问题是左边的树状图被压扁了。如何在不改变热图的列大小的情况下取消（展开）它？

enter image description here

使用以下代码生成：

#!/usr/bin/Rscript
library(gplots);
library(RColorBrewer);


plot_hclust  <- function(inputfile,clust.height,type.order=c(),row.margins=70) {

    # Read data
    dat.bcd <- read.table(inputfile,na.strings=NA, sep="\t",header=TRUE);


    rownames(dat.bcd) <- do.call(paste,c(dat.bcd[c("Probes","Gene.symbol")],sep=" "))
    dat.bcd <- dat.bcd[,!names(dat.bcd) %in% c("Probes","Gene.symbol")] 
    dat.bcd <- dat.bcd

    # Clustering and distance function
    hclustfunc <- function(x) hclust(x, method="complete")
    distfunc <- function(x) dist(x,method="maximum")


    # Select based on FC, as long as any of them >= anylim

    anylim <- 2.0
    dat.bcd <- dat.bcd[ apply(dat.bcd, 1,function(x) any (x >= anylim)), ]

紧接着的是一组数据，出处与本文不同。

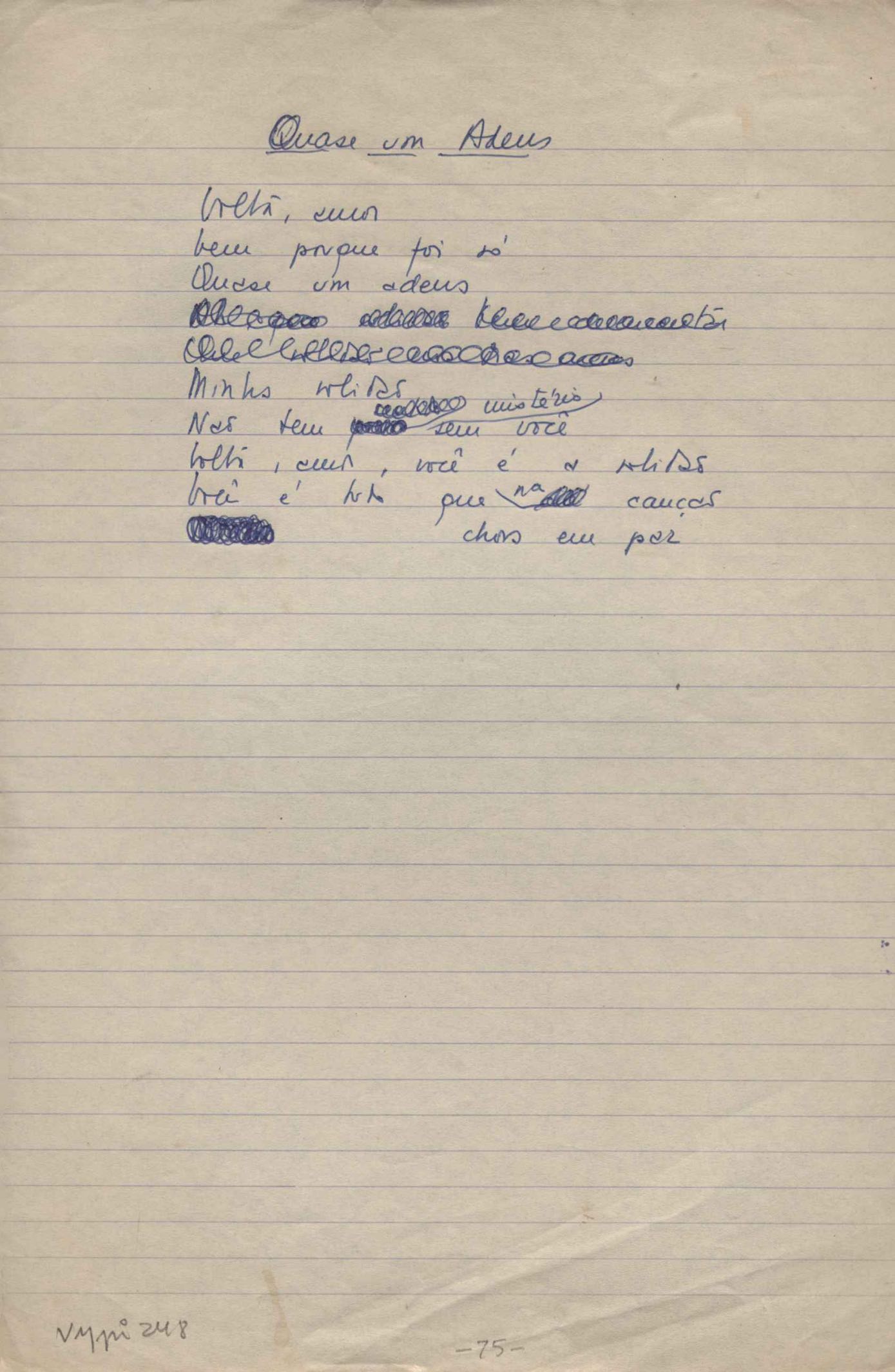Este documento faz parte do dossiê VMPI248, "Poemas esparsos", que contempla poemas datados entre 21 ago. 1927 e 8 dez. 1971. Destes poemas, 401 são esboços e não possuem título (cf. registro VM0PI248_1_232). Estes originais não podem ser tomados como obra inédita. Ideias, tentativas, escritos inacabados, abandonados ou aproveitados posteriormente com outra forma compõem o dossiê.
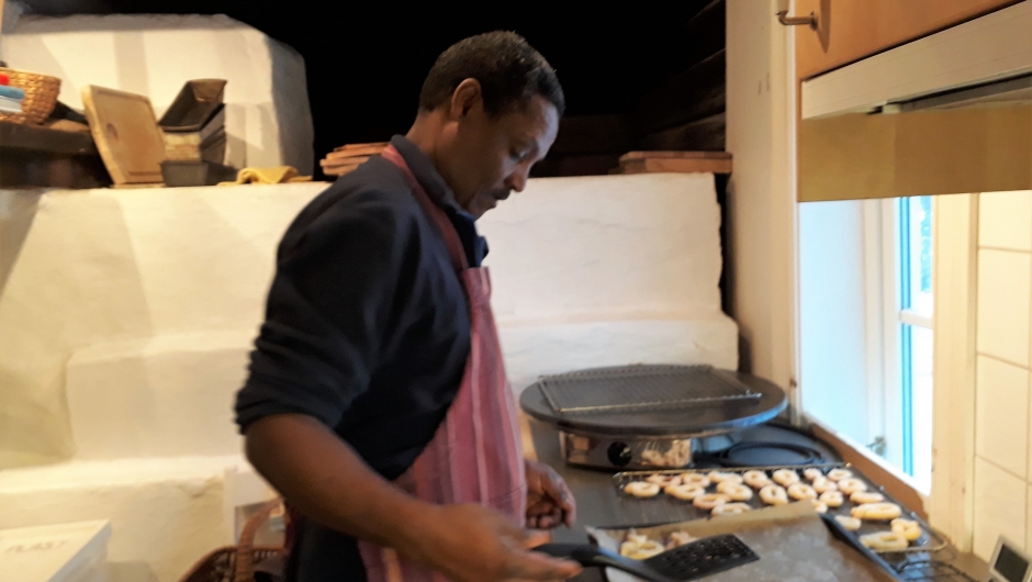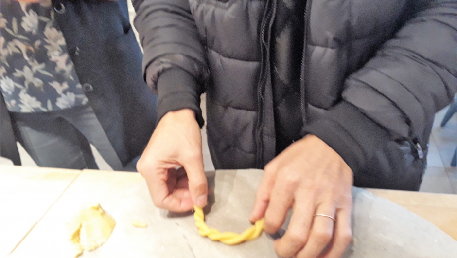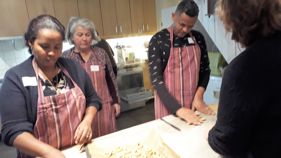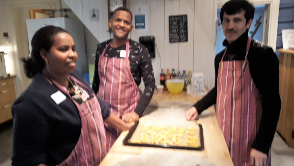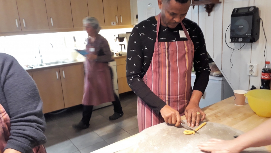 Deigen til Berlinerkransene var laget på forhånd, og utbakingen gikk som en lek. Ekstra kreativitet sto en av de mannlige deltakerne for, han introduserte en flettet utgave av kransene, som ble riktig fin når den ble stekt. Flere deltakere er fra Syria. Der er det ikke vanlig at menn baker, det er det kvinnene som gjør. En fortalte at dette var hans debut som baker. I tillegg til Berlinerkranser ble det også laget deig, og stekt kokosmakroner. Resultatet ble aldeles utmerket, og alle fikk med seg en en smak hjem.

    # Clustering functions
    height <- clust.height; 

    # Define output file name
    heatout <- paste("tmp.pafc.heat.",anylim,".h",height,".pdf",sep="");


    # Compute distance and clusteirn function
    d.bcd <- distfunc(dat.bcd)
    fit.bcd <- hclustfunc(d.bcd)


    # Cluster by height
    #cutree and rect.huclust has to be used in tandem
    clusters <- cutree(fit.bcd, h=height) 
    nofclust.height <-  length(unique(as.vector(clusters)));

    myorder <- colnames(dat.bcd); 
    if (length(type.order)>0) {
     myorder <- type.order
    }

    # Define colors
    #hmcols <- rev(brewer.pal(11,"Spectral"));
    hmcols <- rev(redgreen(2750));
    selcol <- colorRampPalette(brewer.pal(12,"Set3"))
    selcol2 <- colorRampPalette(brewer.pal(9,"Set1"))
    sdcol= selcol(5);
    clustcol.height = selcol2(nofclust.height);

    # Plot heatmap
    pdf(file=heatout,width=20,height=50); # for FC.lim >=2
    heatmap.2(as.matrix(dat.bcd[,myorder]),Colv=FALSE,density.info="none",lhei=c(0.1,4),dendrogram="row",scale="row",RowSideColors=clustcol.height[clusters],col=hmcols,trace="none", margin=c(30,row.margins), hclust=hclustfunc,distfun=distfunc,lwid=c(1.5,2.0),keysize=0.3);
    dev.off();


}
#--------------------------------------------------
# ENd of functions 
#-------------------------------------------------- 

plot_hclust("http://pastebin.com/raw.php?i=ZaGkPTGm",clust.height=3,row.margins=70);

Answer 1

在您的情况下，数据具有长尾，这对于基因表达数据（对数正态）是预期的。

data <- read.table(file='http://pastebin.com/raw.php?i=ZaGkPTGm', 
                   header=TRUE, row.names=1)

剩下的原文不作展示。